Неотъемлемой вещью каждой хаты были кросны — станок для домашнего ткачества. Он включал в себя «ставы» — деревянный каркас, на котором собирают важнейшие узлы станка; «навои» — два деревянных вала, на один из которых навивают нити основы, а на другой наматывают полотно; «ниты», — надетые рядами два параллельных прутка (верхний и нижний) нитяные петли, сквозь которые протягивают нити основы (от количества нитов зависит узор ткани); «бёрда» — приспособление для прибивания уточной нити, состоящее из тонких узких пластинок наподобие гребешка с двумя спинками и вкладывающееся в «набилицы». Поножи, колесца, чепёлки — рычаги для приведения в движение нитов. При нажатии на поножи, привязанные к ним ниты расходятся и образуют в основе зев, через который пробрасывают челнок с навитым на цевку утком. При завершении ткачества (чтобы полнее использовать основу) употребляют «стыкальник» — деревянный брусок с привязанными на концах веревками. Концы основы крепят к стыкальнику, а его — веревками к навою. Зимой хата превращалась в маленькую мастерскую, ведь летних ежедневных работ уже не было, оставалось только глядеть за скотиной. Поэтому здесь и ткали холсты, и, при свете лучины или каганца, шили одежду, вышивали, вязали.

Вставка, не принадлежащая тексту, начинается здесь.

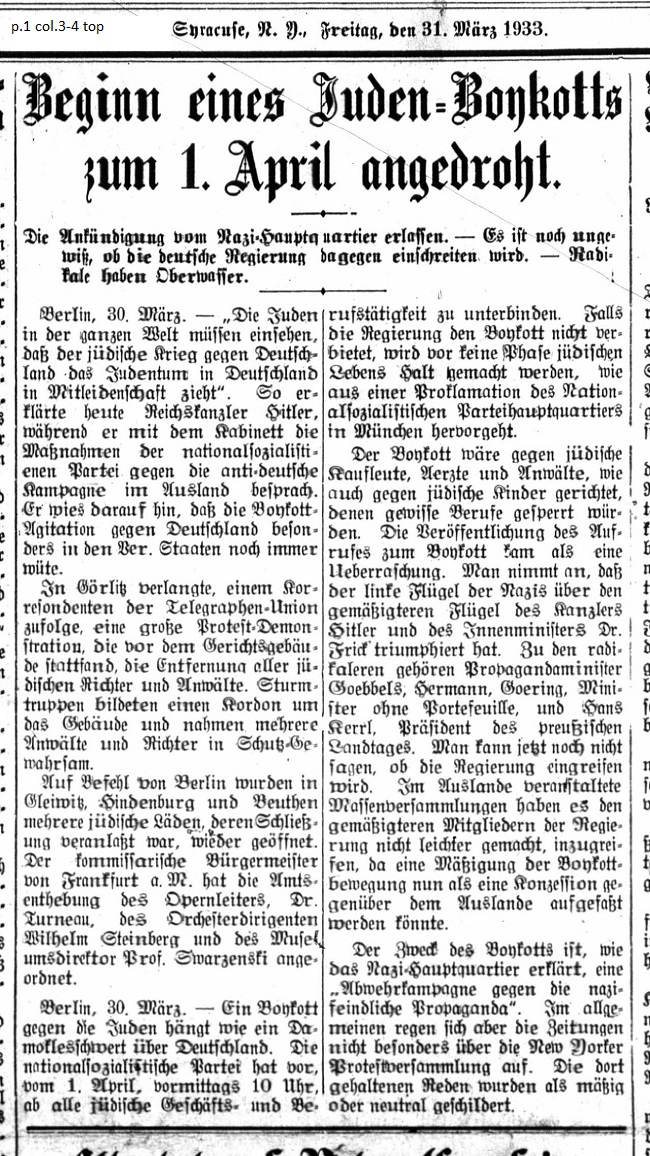 _____ The Announcement issued by Nazi Headquarters — It's uncertain if the German Government will intervene against it — Radicals have the Upper Hand _____ Berlin, March 30th. — "Jews throughout the world must realize that a Jewish war against Germany has a deterimental effect on the Jewish community in Germany." So declared Reich Chancellor Hitler today as he discussed with his cabinet the measures to be taken by the National Socialist Party against the anti-German campaign abroad. He indicated that boycott-agitation against Germany is always especially rampant in the United States. According to a correspondent of the Telegraph Union, in Görlitz a large protest demonstration was held in front of the courthouse which demanded the removal of all Jewish judges and lawyers. Storm Troopers formed a cordon around the building and took many lawyers and judges into protective custody. By orders from Berlin in Gleiwitz, Hindenburg and Beuthen many Jewish shops, which were closed, were reopened. The acting mayor of Frankfurt a. M. ordered the dismissal of the Opera Director, Dr. Turneau; the Orchestra Director, Wilhelm Steinburg; and the Museum Director, Prof. Swarzenski. Berlin, March 30th. — A boycott against the Jews hangs like a Sword of Damocles above Germany. The National Socialist Party intends to halt all Jewish businesses and workers on April 1st from 10 AM onward. In the event the government does not forbid the boycott, no halt will be made to any phase of Jewish life, according to the proclamation of the National Socialist Headquarters issued in Munich. The boycott would be directed against Jewish merchants, physicians and lawyers as well as against Jewish children, certain of whose jobs would be spared. The announcement calling for the boycott came as a surprise. One assumes that the left wing of the Nazis have triumphed over the moderate wings of Chancellor Hitler and Interior Minister Dr. Frick. Among the radical factions are Propaganda Minister Dr. Goebbels, Minister at Large Hermann Göring, and Hans Kerrl, President of the Prussian Parliament. One cannot say if the government will intervene. Mass gatherings organized abroad have not made things easiers for moderate members of the government since a tempering of the boycott can only be viewed as a concession to foreign pressure. The purpose of the boycott is, as explained by Nazi Headquarters, a "resistance campaign aimed at Nazi hostile propaganda." However in general the newspapers are not upset over the New York protest assembly. Speeches held there were described as moderate or neutral. |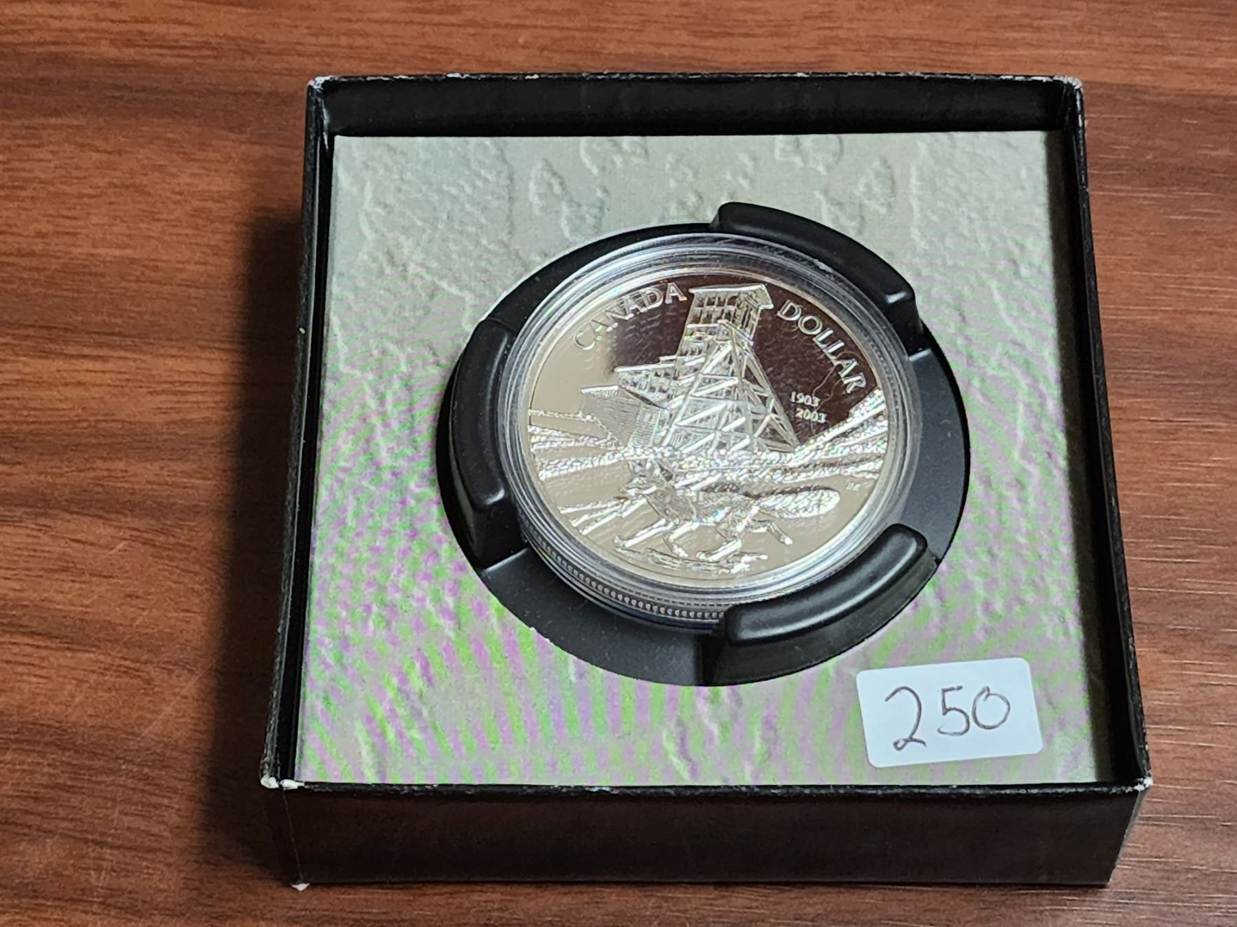 2003 Cobalt Silver Dollar. Commemorates the 100th Anniversary of a miner throwing a mining hammer at a fox (missing the fox but hitting a rich vein of silver). Specimen.

Но встречались в белорусской деревне хаты и получше. И не только у помещиков. Белорусский классик Якуб Колас в одном из своих романов описывает быт сельского писаря: «Просторная и светлая зала убрана чистенько и аккуратно на мещанский лад. Столы и столики были застланы чистыми скатертями. Кресла стояли в порядке. На стенах висели красивые рисунки в рамочках. По углам залы стояли круглые столики под белым кружевом: на столиках лежали альбомы для фотографий…».

В начале XX в. практически во всех крестьянских хатах был деревянный пол. Кроме лав появились табуреты, стулья. Исчезали полати, появлялись кровати, кухонные шкафчики. Снаружи перед входной дверью стали пристраивать крыльцо, веранду. Со второй пол. XIX в. преобладало открытое крыльцо: помост с 1- или 2-скатной крышей на двух или четырёх опорных столбиках. Позже стало чаще встречаться полузакрытое крыльцо. Английским словом веранда называлась лёгкая пристройка вдоль стены хаты со стороны входных дверей. Нижняя часть каркаса веранды обшивается досками или выкладывается кирпичом, верхняя — застекленная. Появилась веранда в конце XIX в. сначала в зажиточных усадьбах.

К началу второго десятилетия XX в. типичная белорусская хата выглядела так: жилая половина, бывшая одновременно и кухней, «чистая» половина", сени и кладовка. «Чистая» половина, как правило, была пристроена позже. Там стояли стол и лавы, у наиболее зажиточных в XX в. — никелированная кровать с покрывалом и пышными подушками. Там ночевал гость, — впрочем, они бывали нечасто. Там же стоял сундук с дочерним приданым, комод.

Сени служили для утепления жилья, там лежали кой-какие хозяйственные мелочи. Из сеней дверь вела в клеть-кладовку, где хранилось зерно, продукты, одежда. Клеть делалась из тонких бревен, без окон. Крышу делали закотом. Стлали пол, отгораживали закрома для ржи, овса, ячменя; на жердях развешивали кожухи, овчины. Здесь же стояли скрыни — большие дощатые или плетеные ящики для картофеля и овощей, бочонки с салом, квасом. Под потолком подвешивались колбасы, куски копчёного мяса — кумпяки. Зачастую здесь же стоял сундук с железными ручками, где хранились ткани, разная одежда. Иногда встречался и топчан, где летом спали молодые члены семьи.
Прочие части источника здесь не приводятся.